W.S. MERWIN DISCOVERED

A young W.S. Merwin
(Credit: Estate of W.S. Merwin)

I met W.S. Merwin forty-three years ago at the Koko-an Zen Center in lower Manoa on the island of Oahu. Other than his beautiful Hawaiian girlfriend, there was nothing that really distinguished Merwin from others at Koko-an. Back then, I didn’t even know his name. We didn’t talk much. We both were there to practice Zen. We often sat in silent meditation for long periods. During week-long retreats, we worked silently together cleaning the grounds, chopping fruit or washing pots and pans. One evening, we went to a free movie at the University of Hawaii. Even then, we spoke little.

W.S. Merwin & Dana Naone (foremost left) Koko-an porch meal. Aitken-roshie at the head of the table.

At the time, I had no idea I was in the presence of a Pulitzer Prize winning poet.

Yasutani Roshi Memorial Sesshin photo: W.S. Merwin (front row left) & Dana Naone (just behind Merwin)

Thirty-three years later I discovered W.S. Merwin.

In 2009, Merin’s photo appeared in a magazine announcing that, for a second time, he had been awarded the Pulitzer Prize for poetry.
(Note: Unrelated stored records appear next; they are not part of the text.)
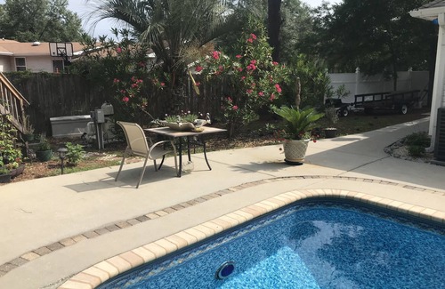 This is the perfect getaway for someone wanting peaceful surroundings, but wants access to all the action. The cottage/guesthouse includes a private full bath, kitchenette with micro-wave, fridge, 2 burner stove, garbage disposal, TV, AC/heat, wifi, and its own balcony that overlooks the beautiful swimming pool. You will have use of the pool, grills (gas, charcoal and electric), fire pit and the golf cart (golf cart is only available with this unit). The beach is just a short 3 mile cart or car drive. Close to Myrtle B Murrells Inlet & Georgetown
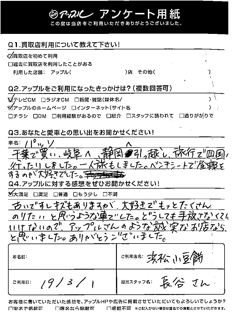 静岡県浜松市 M.S様 車名:トヨタ パッソ
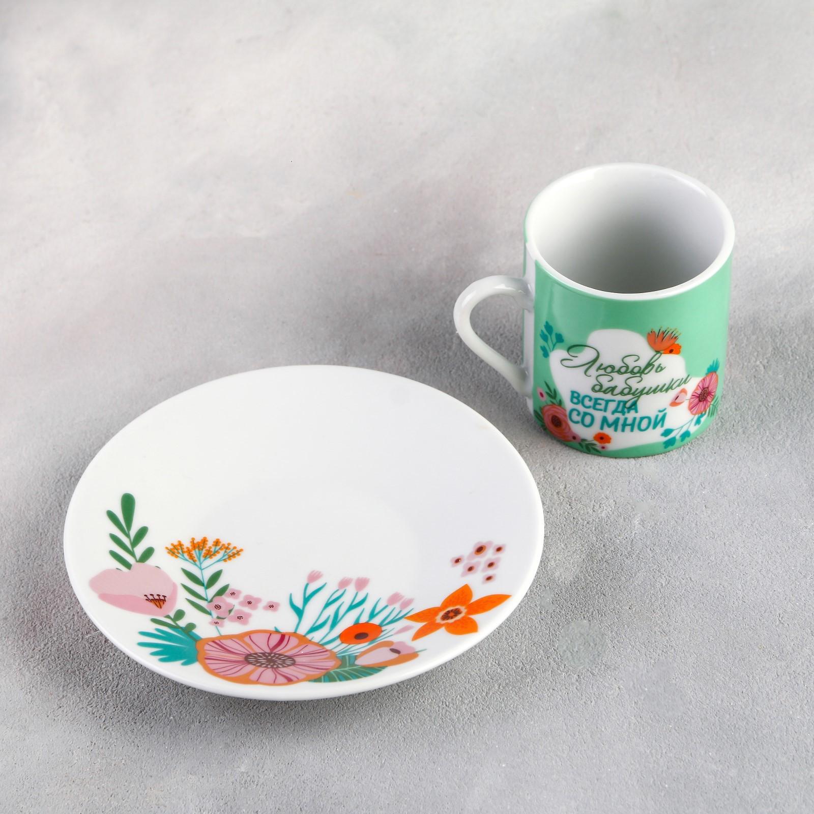 Набор «Любовь бабушки»: кружка 70 мл, блюдце Ø 11 см
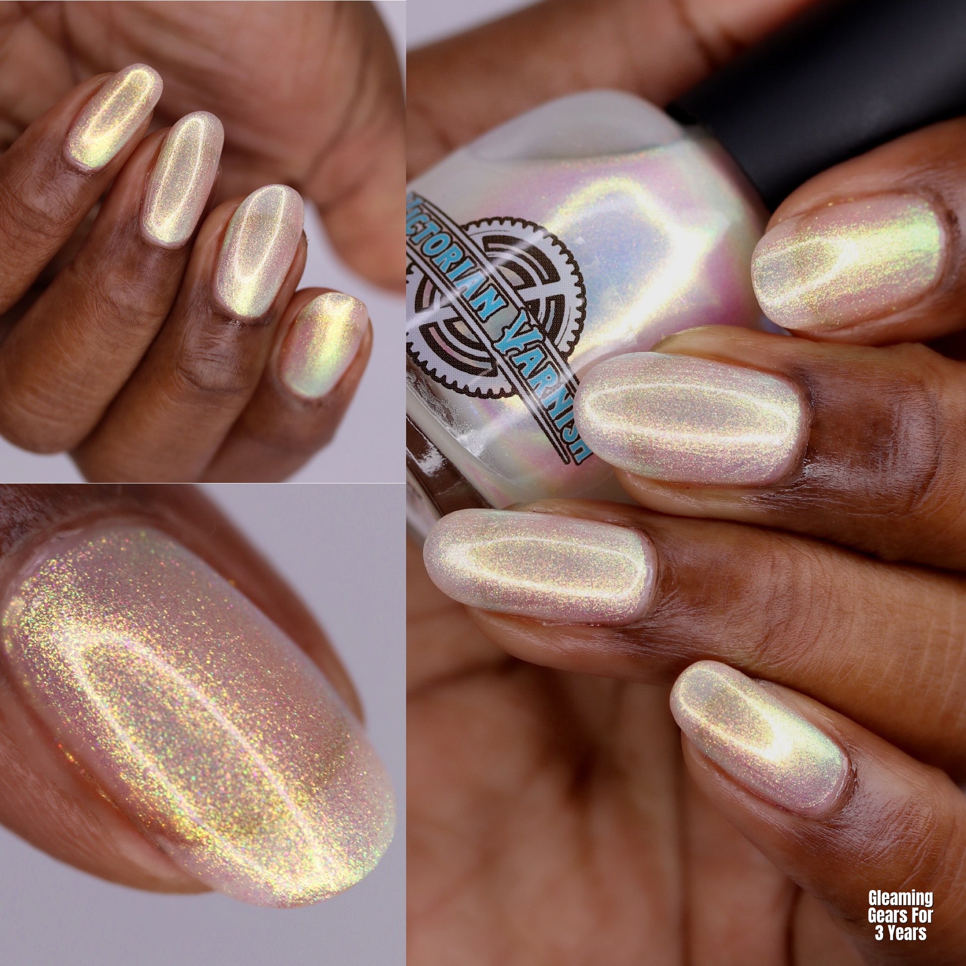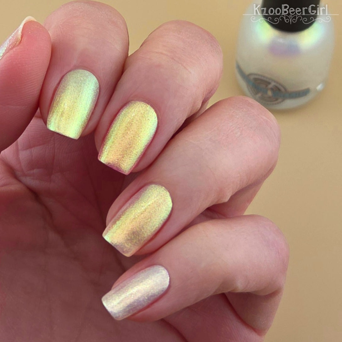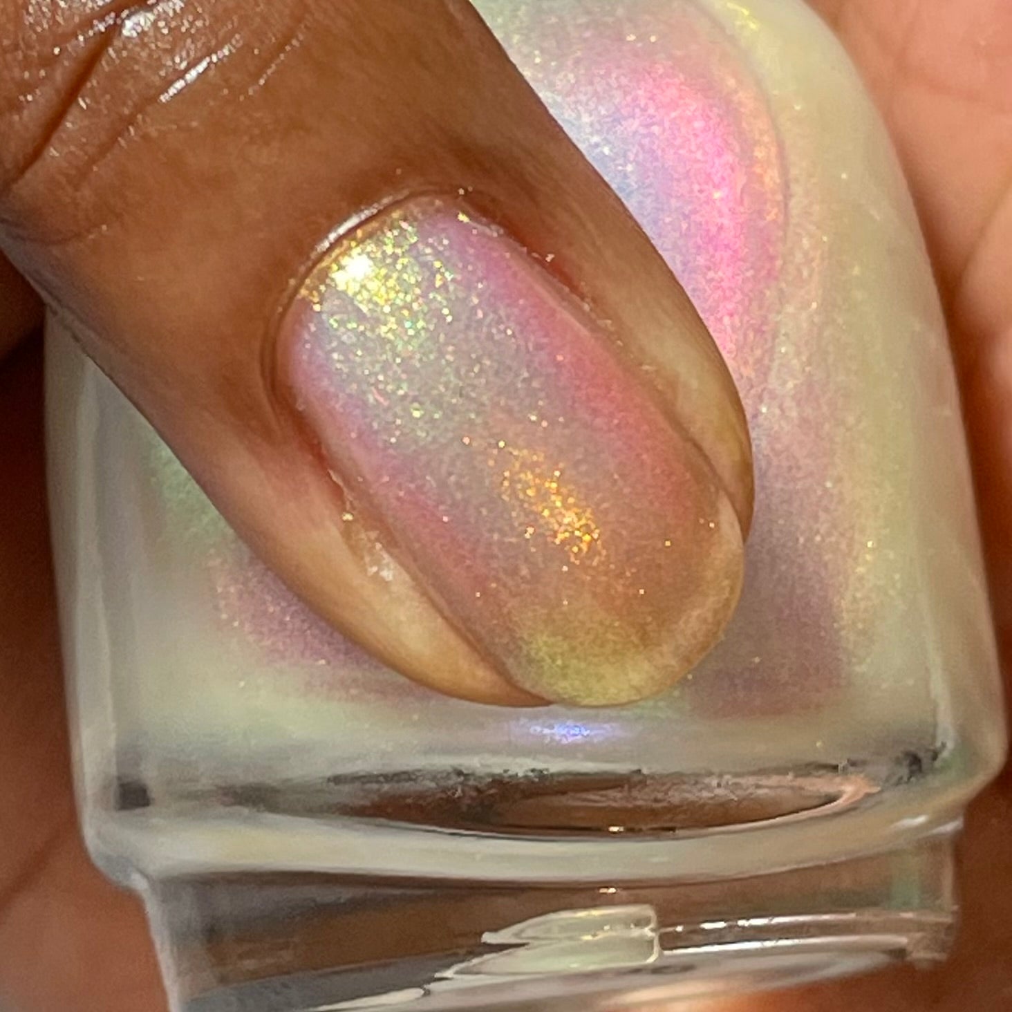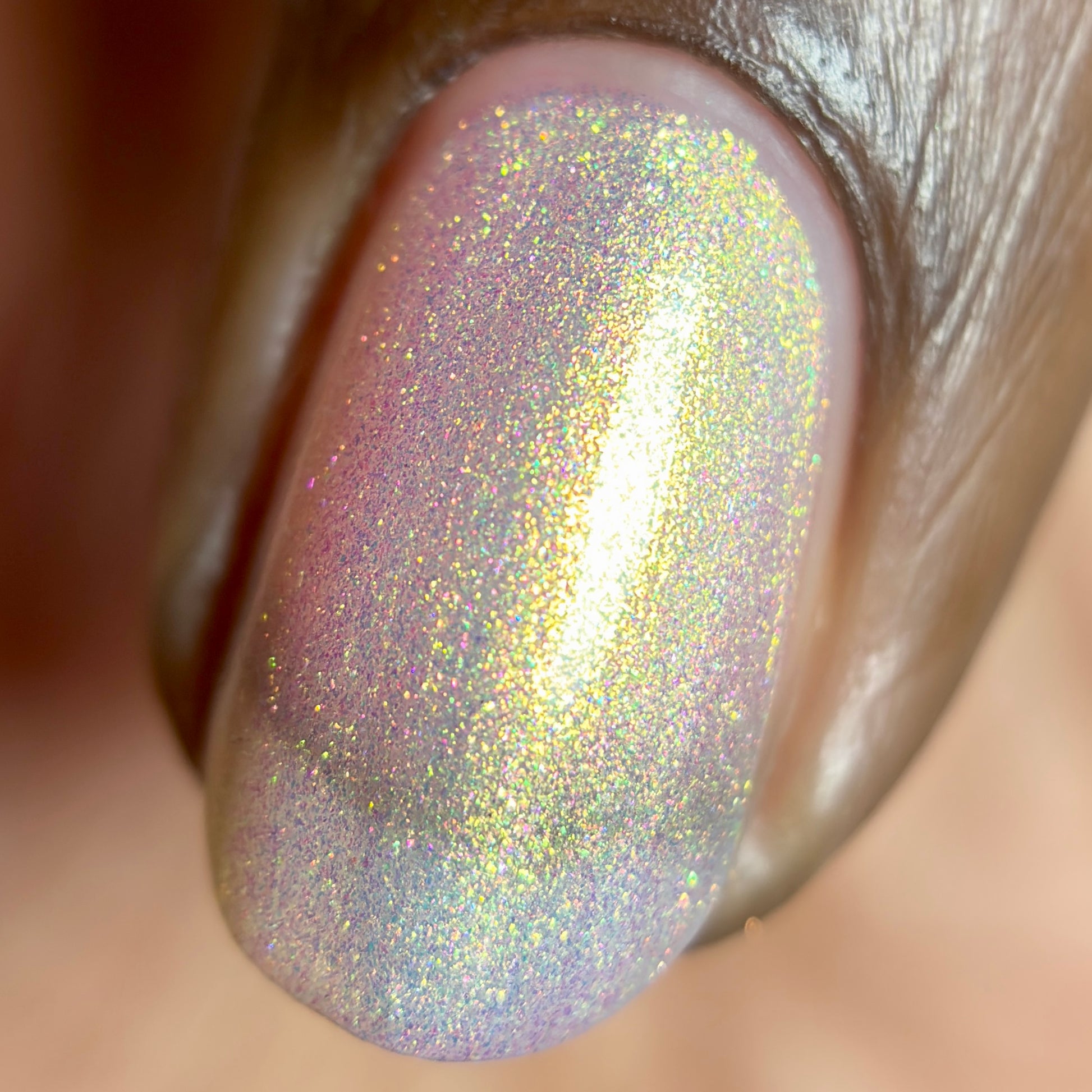 A sheer sparkling base that has a beautiful iridescent shimmer that ranges in shades thru the rainbow

Turning to Google, I learned that Merwin met Dana Naone in 1975 while on a reading tour in Hawaii. Later that year, Merwin and Naone went to study Buddhism at the Naropa Institute in Boulder, Colorado where Alan Ginsberg ran the Jack Kerouac School of Disembodied Poetics. An incident involving the two at Naropa was featured in a 1995 New York Times article by Dinitia Smith titled A Poet of Their Own. The article is excerpted below.

W.S. Merwin and Dana Naone

“Naropa was presided over by a Tibetan guru, Chogyam Trungpa, a tireless drunk and womanizer. At a Halloween party, while Ginsberg was away, Trungpa ordered everyone to undress. Merwin and Naone refused. Trungpa’s bodyguards tried to batter down the door to their room. “I was not going to go peacefully,” Merwin recalls. “I started hitting people with beer bottles. It was a very violent scene.” Trungpa’s bodyguards stripped them, and the two figures cowered together before the guru like a chastened Adam and Eve.

“The incident came to be mythologized as “The Great Naropa Poetry Wars.” Naropa became an epitaph for an era, a paradigm of the difference between two kinds of poetry — between Ginsberg’s passionate, declamatory style and Merwin’s restrained, Western formalism.

“After Naropa, Merwin moved to Hawaii for good. He built his house with an inheritance from his mother. Later, he bought additional land with money left to him by George Kirstein, former publisher of The Nation. Eventually, he broke up with Dana Naone.

“Despite what happened at Naropa, Merwin is still a Buddhist. He likes to quote the 13th-century Buddhist teacher Dogen, a contemporary of Dante’s: ” ‘You must let the body and mind fall away.’ ” In his house, Merwin has a zazen (meditation) room, a sparse place with four pillows, where he meditates — 45 minutes before breakfast, and again before dinner.”

In Buddhism, periodic rites are observed after a person dies; one occurs on the 49th day. In homage, I note that today marks the 49th day since W.S. Merwin passed away in his sleep at the age of 91 at home on the island of Maui.

Living with the news by W.S. Merwin

Can I get used to it day after day
a little at a time while the tide keeps
coming in faster the waves get bigger
building on each other breaking records
this is not the world that I remember
then comes the day when I open the box

that I remember packing with such care
and there is the face that I had known well
in little pieces staring up at me
it is not mentioned on the front pages
but somewhere far back near the real estate
among the things that happen every day
to someone who now happens to be me
and what can I do and who can tell me
then there is what the doctor comes to say
endless patience will never be enough
the only hope is to be the daylight

published in The New Yorker, July 20, 2014

The Buddha said:

Life is a journey.
Death is a return to earth.
The universe is like an inn.
The passing years are like dust.

Regard this phantom world
As a star at dawn, a bubble in a stream,
A flash of lightning in a summer cloud,
A flickering lamp – a phantom – and a dream.